Sunday, March 3, 2013

Seeing the Pretty

I’m not sure why I buy toys for He’en when there’s a perfectly good supply of leptoglossus occidentalis crawling around whenever the weather gets above freezing. This afternoon He’en announced from the bathroom, “MOM! Dere is a STEEN-k-buhG on da faucet.”  [Henceforth I will will use the traditional spelling, but you, gentle reader, must promise to pronounce it, in your head, “STEEN-k-buhG.”]

I sighed inwardly and shifted Dragon Girl onto my hip.  “Okay, should we put him outside?”

“Yesss.”

Thence followed a one-handed search for an appropriate buglift.
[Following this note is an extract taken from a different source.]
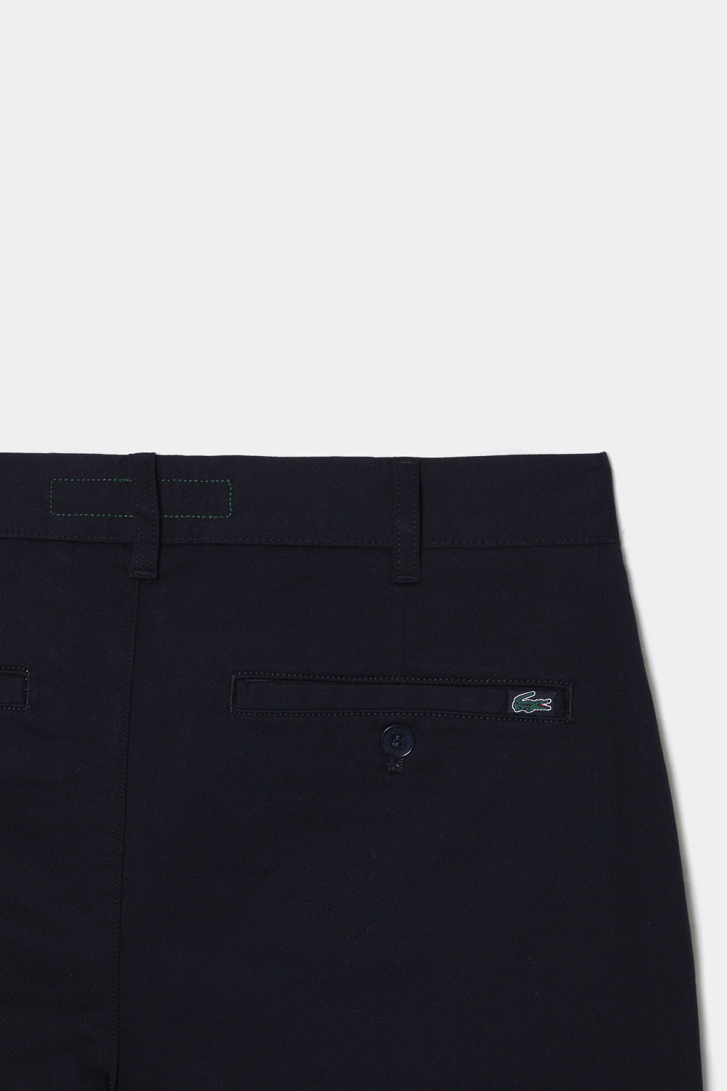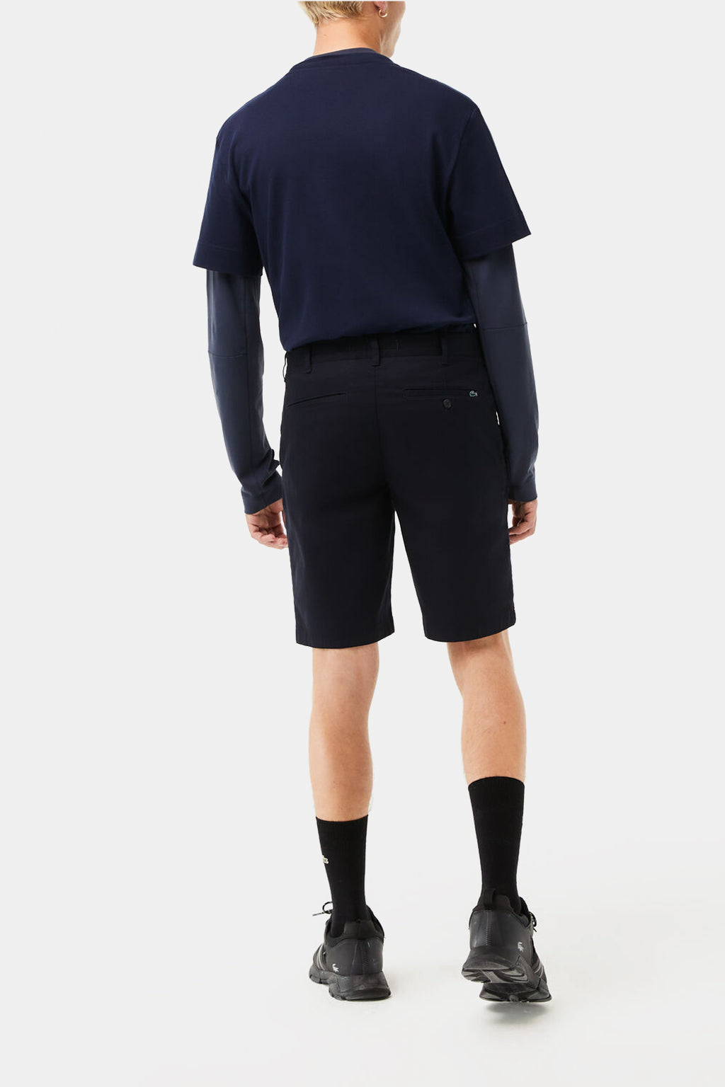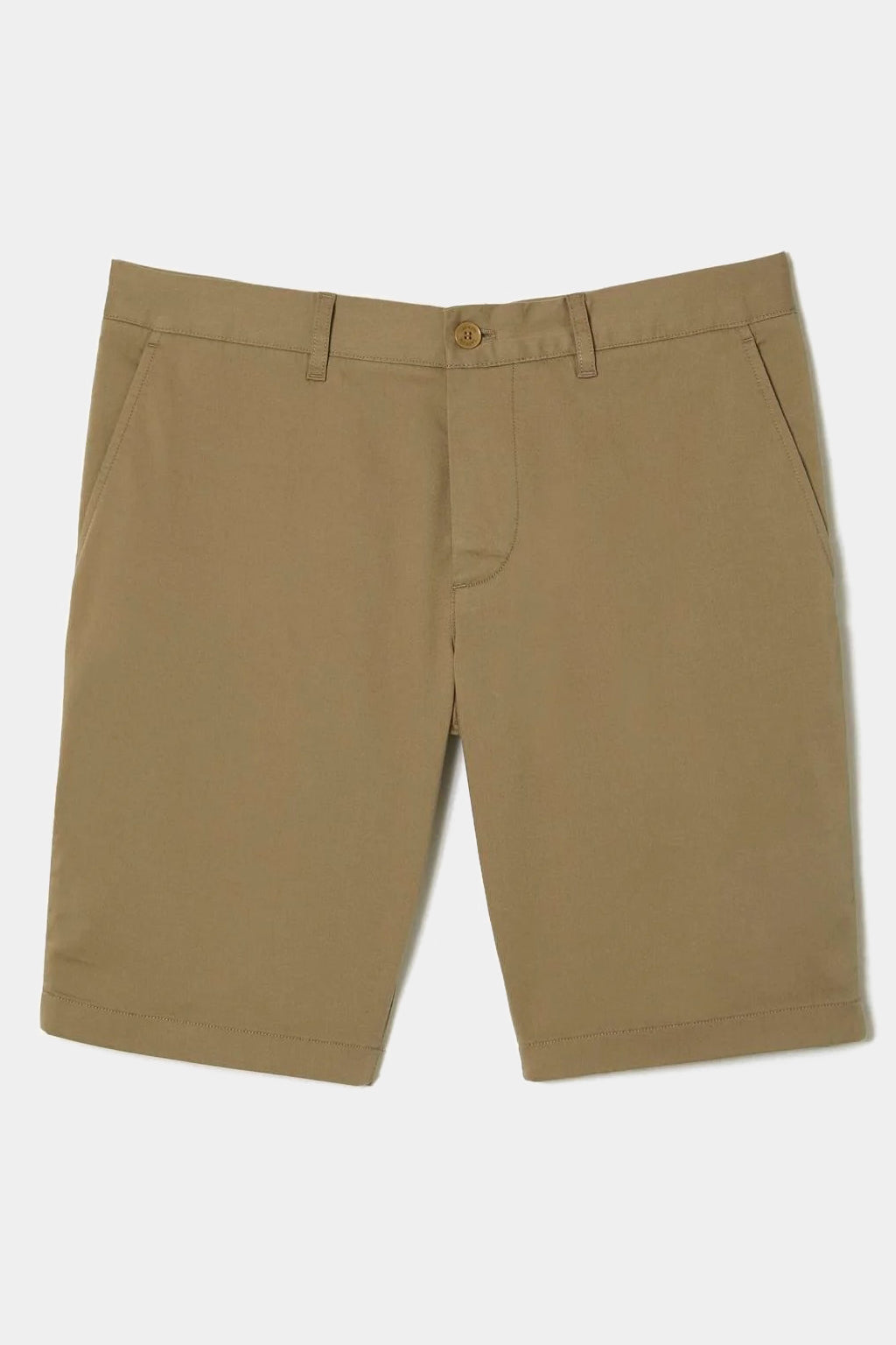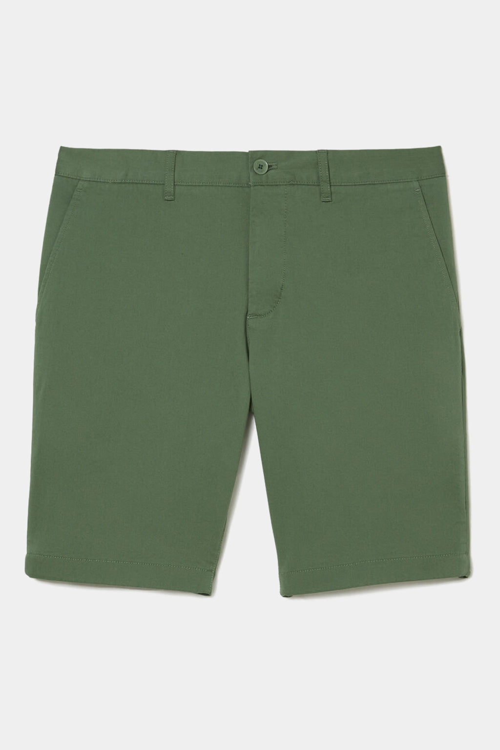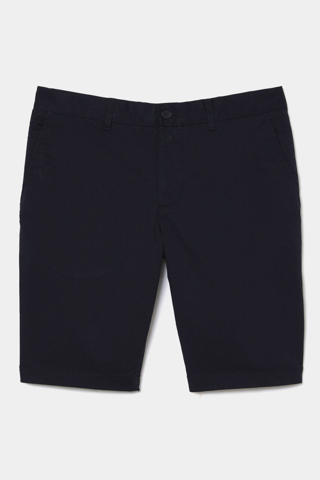 Men's Lacoste Stretch Chino Short. A slim fitting, classic chino short constructed in a lightweight cotton fabric. Features zip fly and button closure, constructed belt loops, front slash pockets and rear pockets.

We concluded that a paper Dixie cup would do the trick. “I wan’ take him out my-SEF,” He’en insisted.

“Okay, but stay on the porch, please.” We are enjoying a mild day after the recent snowstorms, so I released He’en and her Dixie cup onto the front porch.  She sat there for a while, turning the cup this-way and that-way, examining its inhabitant. I settled down to feed Dragon Girl, which was just foolish, because Helen immediately reappeared inside, still cradling both cup and cargo.

“Please can I yook at him on da utha pawch [other porch]?”

Sure, why not. So I relocated both He’en and stinkbug* to the sunny south porch. She sat out there for quite a while, lifting and turning her hands in the mellow afternoon light while the stinkbug climbed up and down her aqua sweatshirt with the sparkly butterfly on the front.  (Being no idiot, the stinkbug had, by this time, abandoned his Dixie cup for warmer climes.)

I watched through the window, wondering if stinkbugs really do stink. I figured we would find out pretty soon. Helen’s outdoor mania regularly requires me to research things that hop and crawl; I knew the bug wouldn’t bite or sting.  I frankly was more worried about the bug than my child. Helen’s ROR with insects has, in the past, resulted in more than one mortally crippled fellow-traveler and subsequent mercy killing.  But she was very gentle with this one.

After a time, she re-entered the house with the stinkbug perched on her wrist like a microscopic falcon.

“He’s pwiddy,” she announced.

The stinkbug twitched an antennae in cheerful agreement.

Surprised, I agreed as well. “Yes, he is pretty. What is your favorite part of him?”

She raised her wrist to her nose, went a little cross-eyed, and decided, “Da gode [gold] on his back.”

I took a closer look myself. Indeed, he had a beautiful pattern on his back. “I like his little stripes. Helen, it will be a great gift to you, your whole life, if you can see something pretty where other people can only see an icky old bug.”

She huffed a short laugh, a disconcertingly adult sound from a four-year-old.

“I can see da pwiddy,” she assured me with total confidence.

May it always be so.
 
 
Photo courtesy of University of Rhode Island, R.A. Casagrande.
 
*It's actually a Western Conifer Seed Bug, not even related to the true stinkbug. It may get stinky when nervous, but it eats only tree sap.